Evolution of our understanding of the aVR sign

J Electrocardiol. 2019 Sep-Oct:56:121-124. doi: 10.1016/j.jelectrocard.2019.07.014. Epub 2019 Aug 1.

Abstract

In patients presenting with signs and symptoms of an acute coronary syndrome (ACS) the combination of multilead ST depression and ST elevation in lead aVR, the electrocardiographic "aVR sign," has been associated with severe left main coronary artery stenosis or diffuse coronary artery disease and a high risk of death. Recent guidelines even suggest that the aVR sign may represent an ST-elevation myocardial infarction (STEMI) equivalent and therefore, an indication for emergent cardiac catheterization and reperfusion.
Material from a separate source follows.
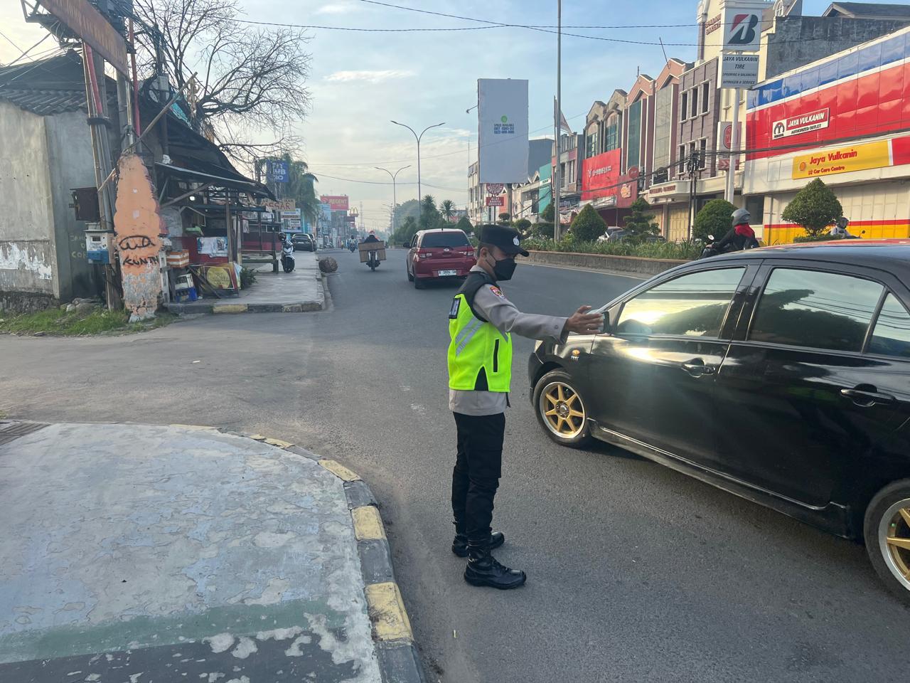 Cilegon,Polres Cilegon Polda Banten Pada Kamis 12/02/2026 Pukul 06.30 Wib, Personil Siwas Polres Cilegon, Brigpol Hadi sudrajat melaksanakan kegiatan pengaturan arus lalu lintas di Jalur Protokol jalan utama Kota Cilegon tepat nya di jalur protokol Kota Cilegon.

The specificity of the aVR sign for left main disease, however, has been questioned as multiple additional high-risk clinical conditions have also been shown to be associated with the aVR sign. The purpose of this review is to provide a historic background of the aVR sign and to summarize the evolution of our understanding of this important electrocardiographic (ECG) phenomenon. Using two illustrative cases, we wish to highlight the significant risks associated both with under-appreciation of the aVR sign as well as hastily overreacting to the aVR sign.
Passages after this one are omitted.